# browning 1919



## big dutchman (Jan 9, 2007)

here is a question for you folks that know far more about firearm legalities than i:

i have the chance to own a WWII browning 1919, 30-06 caliber, fully automatic, in firing condition. this is not a registered gun at this point, the current owner just realized that this weapon is quite illegal and wants to get rid of it. the price is right but i don't know what my options are for legalizing this gun. can i register it through the atf and pay for an 'approval' stamp even though it isn't a registered gun right now? can i convert it to semi auto with the kits i see advertized on the internet, would it then be legal for me to own? thanks in advance


----------



## Mike Barham (Mar 30, 2006)

Stay *far*, *far* away from this gun. No civilian machineguns can be legally registered after 1986.

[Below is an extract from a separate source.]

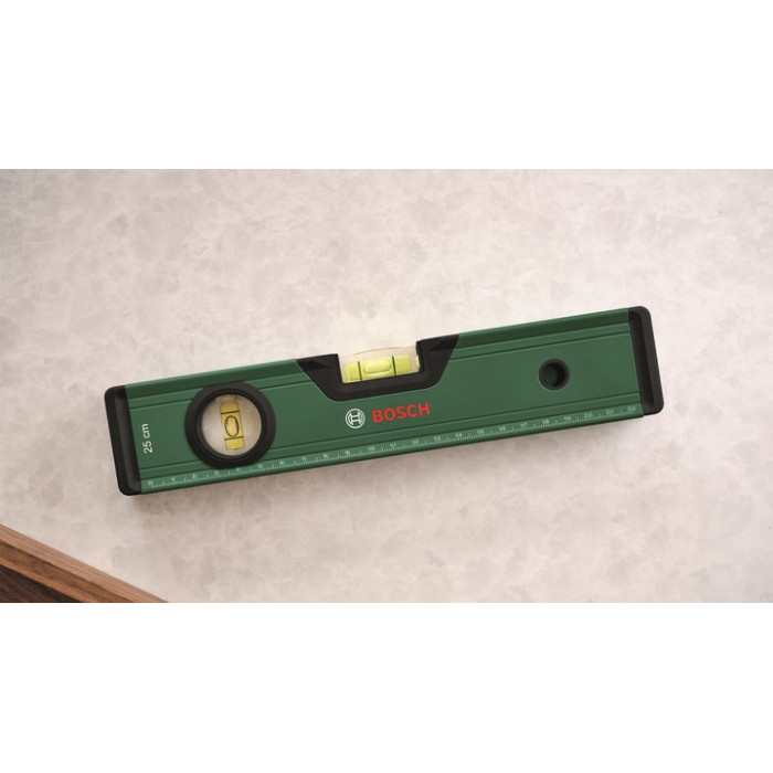 З рівнем Bosch Spirit Level 25 см полиці та картини висітимуть рівно за лічені секунди. Цей зручний універсальний інструмент забезпечує високоточні результати до 0,05 мм/м завдяки горизонтальному та вертикальному бульбашковим рівням. Завдяки яскравій флуоресцентній бульбашковій рідині у флаконах рівень легко зчитується. Цей рівень має метричну шкалу 0-22 см, тому вам не потрібно шукати другий інструмент, оскільки він виконує функцію лінійки.

You could possibly use some parts off it to make a semiauto based on a civilian-legal receiver, but I believe the existing auto receiver would have to be destroyed. I could be wrong on this, though.

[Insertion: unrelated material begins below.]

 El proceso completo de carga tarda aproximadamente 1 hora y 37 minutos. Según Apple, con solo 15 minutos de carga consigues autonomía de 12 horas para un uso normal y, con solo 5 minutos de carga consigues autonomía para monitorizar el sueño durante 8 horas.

My advice is steer very well clear of any unregistered machineguns.


----------



## big dutchman (Jan 9, 2007)

thanks. this is the same advice i've recieved from a few people now, so i will be staying away from it. i think i'll tell the current owner to destroy it, he was worried about this also. i believe that cutting the reciever into pieces with a cutting torch should render the gun scrap? it's a nice gun but not worth hard time.


----------